Recently, there is a need for high cis polybutadiene and high cis polyisoprene made by polymerizing butadiene or isoprene, arose because these elastomers with a high cis content certain desired ones Possess properties.

The polymer obtained by ring-opening polymerization of 1,5-cyclooctadiene, which can be referred to as polyoctadienameres (I) or polybutenameres (11), is predominantly that same high 1,4-content polybutadiene made by addition polymerization of butadiene. However, one important difference should be noted. High 1,4-content polybutadiene contains at least some vinyl side chain units as a result of the occurrence of some "1,2-addition" (in addition to normal 1,4-addition) during the addition polymerization of the 1,3-butadiene monomer. However, such vinyl units are completely absent in the polybutenamer (11) due to the mechanism inherent in ring-opening polymerizations of cycloolefins, according to which the formation of such side groups cannot occur.

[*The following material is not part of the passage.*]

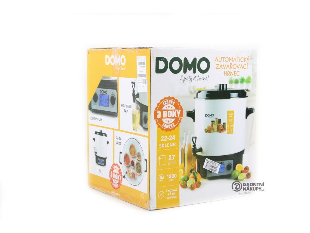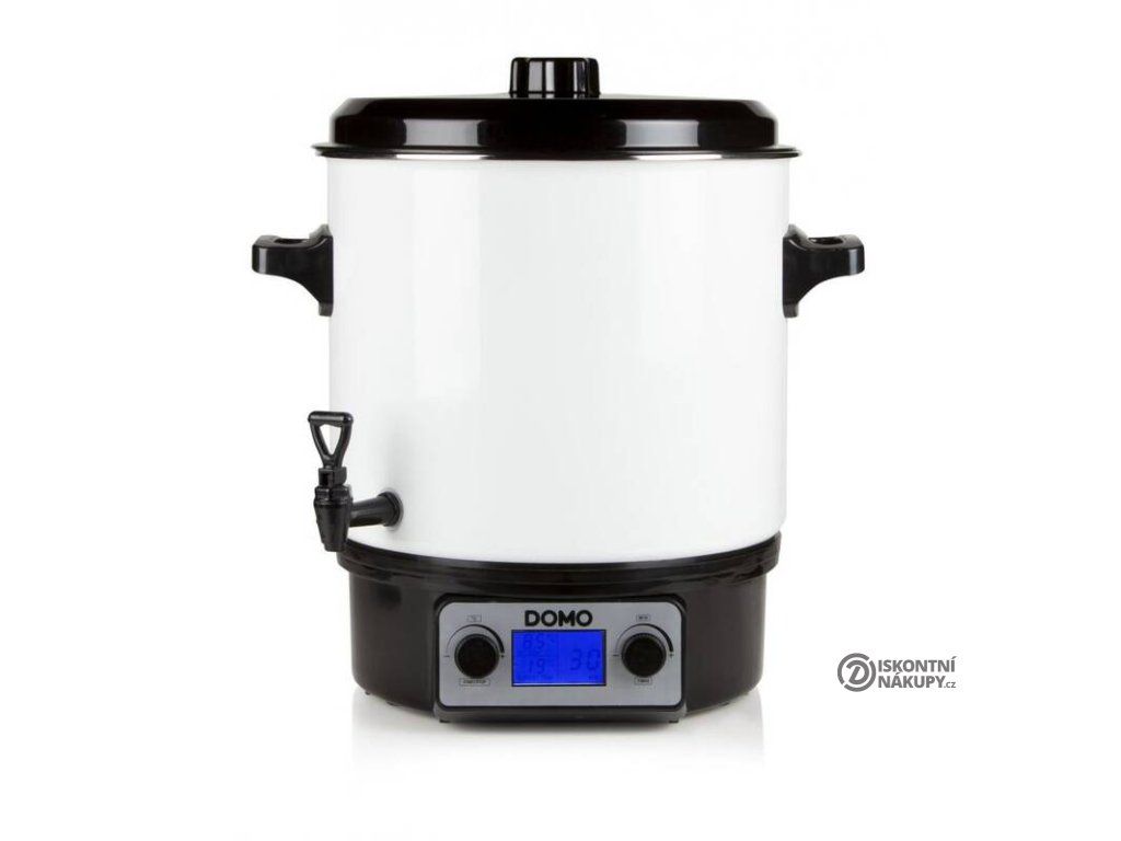 Spotřebič je vybaven praktickým výpustným kohoutkem, s jehož pomocí zbavíte hrnec vody po skončení zavařování. Díky němu ale můžete hrnec využít také při rodinných akcích jako velkou termosku, ve které můžete připravit, uchovat, a následně stáčet horké nápoje, jako například svařené víno nebo čaj. Zavařovací hrnec Domo má zkrátka mnohostranné využití. Výborně poslouží také pro udržování horké polévky nebo guláše před jejich servírováním, pro blanšírování zeleniny, nebo ohřívání ve vodní lázni. Hrnec o hmotnosti 7 kg má rozměry 35 x 29 x 35 cm.

In the known ring-opening polymerization process of cycloolefins and cyclodiolefins occur slightly less than 90 of the vinylene (-CH = CH-) units of the Polymer products in the cis configuration. One of the advantages of the invention is that by applying the methods described, polyalkenamers (i.e. polyoctenamers and polybutenamers) can be obtained which cis-vinylene contents of approximately 90% or more.

According to the invention, at least one cycloolefin selected from the group consisting of cyclooctene and 1,5-cyclooctadiene is polymerized using a catalyst system which consists of (A) an organosilicon compound of the formula 'R4-nsi (Y) n // wherein R is any Is hydrocarbyl such as alkyl, alkenyl, or aryl, and Y can be selected from the group consisting of vinyl, alkylidenyl, alkoxy, aryloxy, and aralkoxy, where n is at least 2, (B) a tungsten halide of the general formula in which X is chlorine or bromine and R is selected from the group consisting of alkoxy, haloalkoxy, aryloxy, alkaryloxy and acetylacetonyl radicals, where m is 6 when X = Cl or 5 when X is = Br, and where n 'can also mean 3 up to and including 6, and (C) an organoaluminum compound of the formula in which the substituents R1, R2 and R3 independently of one another represent an alkyl or aralkyl group or a halogen atom.

In the case of the compounds (C), it is preferable that they be at least have an aluminum-carbon bond.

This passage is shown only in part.